A year later, McDonald was farming a homestead near Edwall, Washington.
In 1884, he joined the Oregon Mortgage company and started his real estate career, which would leave a lasting impact on Spokane and Spokane Valley.
Like many settlers, McDonald saw the Spokane River valley, the Palouse and other relatively level areas as ideal for agriculture, including row crops, grains and tree fruit, and believed that man-made irrigation was the key.
McDonald and various partners were also involved in acquiring land, early on through federal homestead or mining claims, and building irrigation projects in Eastern Washington and North Idaho in the territorial era.

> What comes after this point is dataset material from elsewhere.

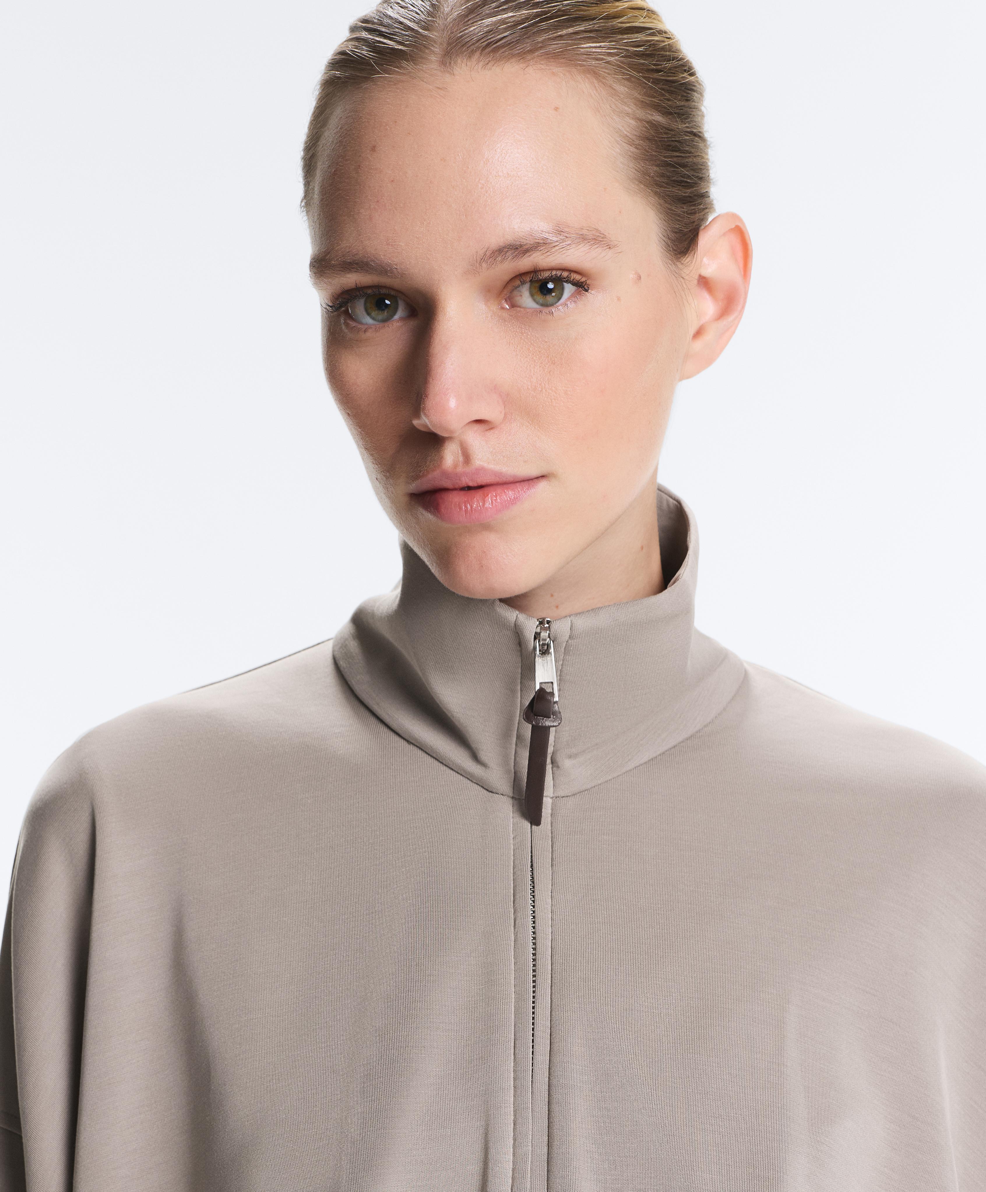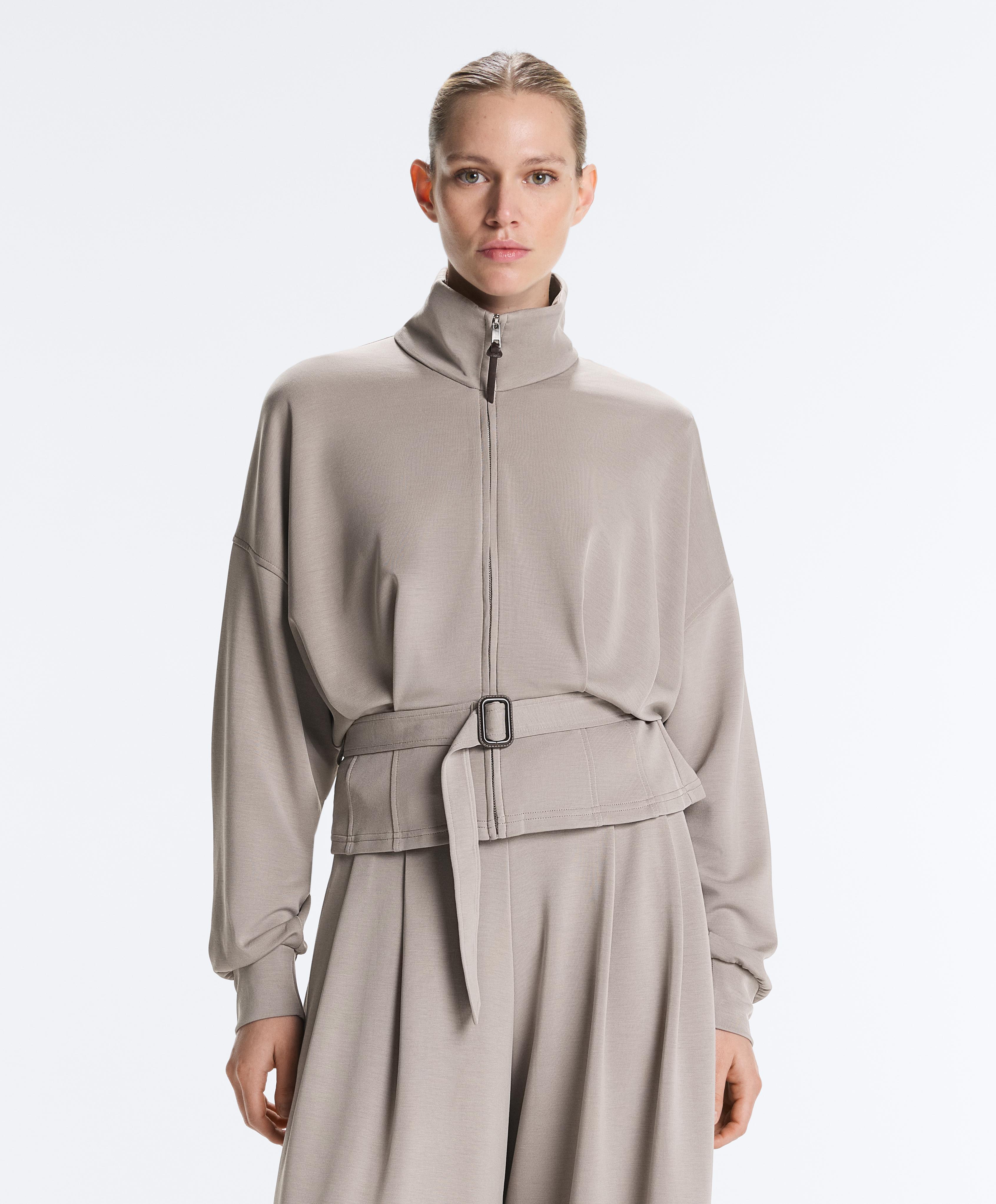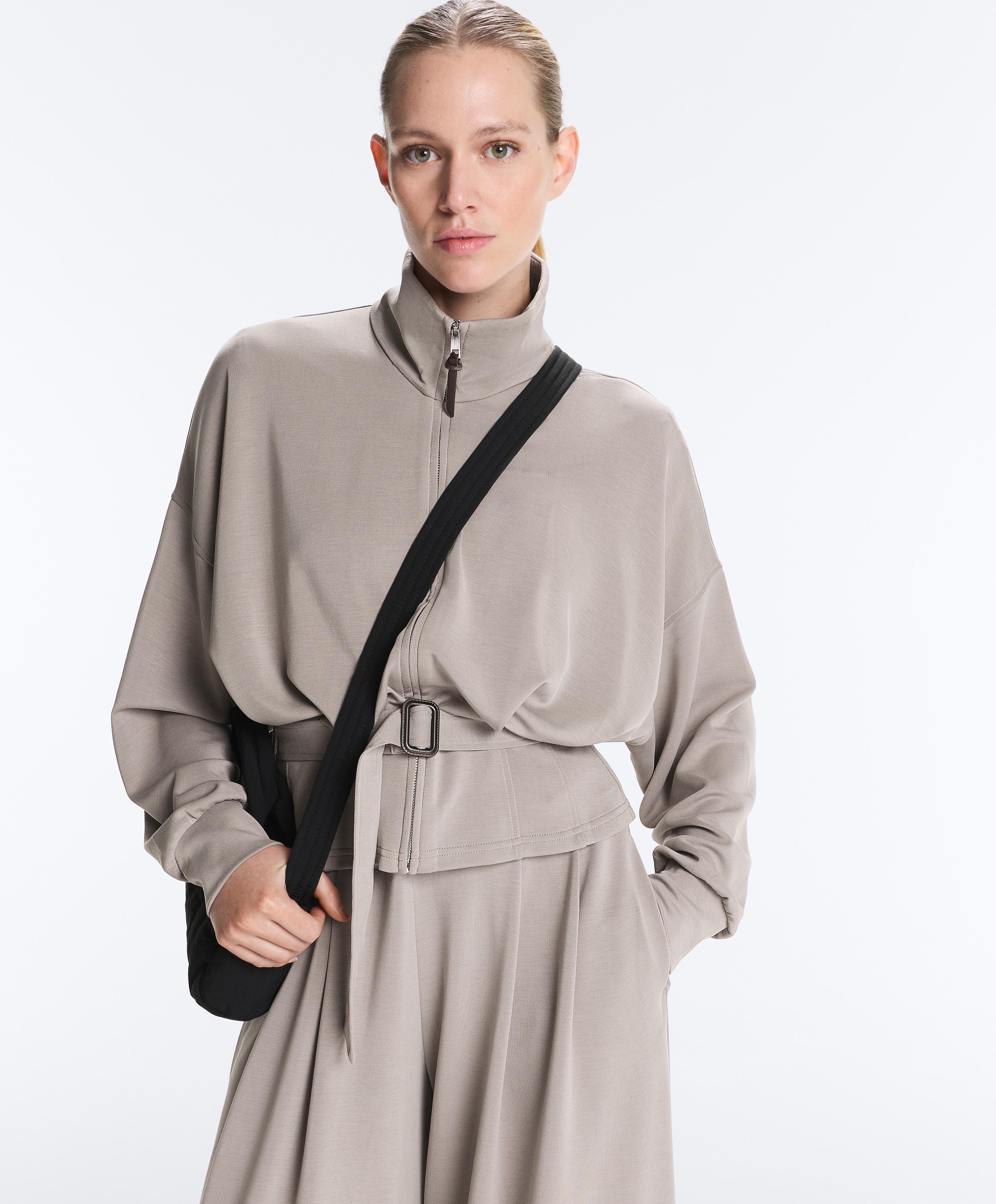 Куртка с корсетной отделкой, облегающая талию. С высоким воротником и застежкой-молнией спереди. Регулируемый пояс. Дышащая ткань из модала, очень мягкая на ощупь.

McDonald and R.A. Hutchinson would buy and develop a half section of land, equal to one- half square mile, in Opportunity Township in Spokane Valley.
A 1904 McDonald advertisement read: “We have some beautiful 10 acre tracts on Sprague Avenue, adapted to fruit and chickens. They will make fine homes on account of their nearness to the city.”
McDonald would establish Vera Electric Water Co. in 1908 along with partners A.C. Jamison and Andrew Good. The utility survives today as Vera Water and Power. In 1911, three square miles would become known as Veradale, named for McDonald’s only child, Vera.
A flattering Spokesman-Review 1909 feature story raved, “In the spring of the year, when the trees are in full bloom, a big fruit orchard presents one of the most beautiful scenes imaginable.” The article listed Veradale’s amenities of electricity, running water, including farm irrigation, and convenient transportation to downtown Spokane by electric train.
In 2003, Veradale became part of the new city of Spokane Valley.
In the 1910s and 1920s, McDonald would take prospective buyers on tours of available properties in an automobile at breakneck speeds up to 35 mph. Friends called him “a fast driver,” according to his Spokane Chronicle death notice.
In 1928, McDonald died when his car went off a dike road and plunged into the Kootenai River while inspecting an irrigation project in Bonners Ferry, Idaho. His daughter, Vera McDonald Cunningham, died in 1956.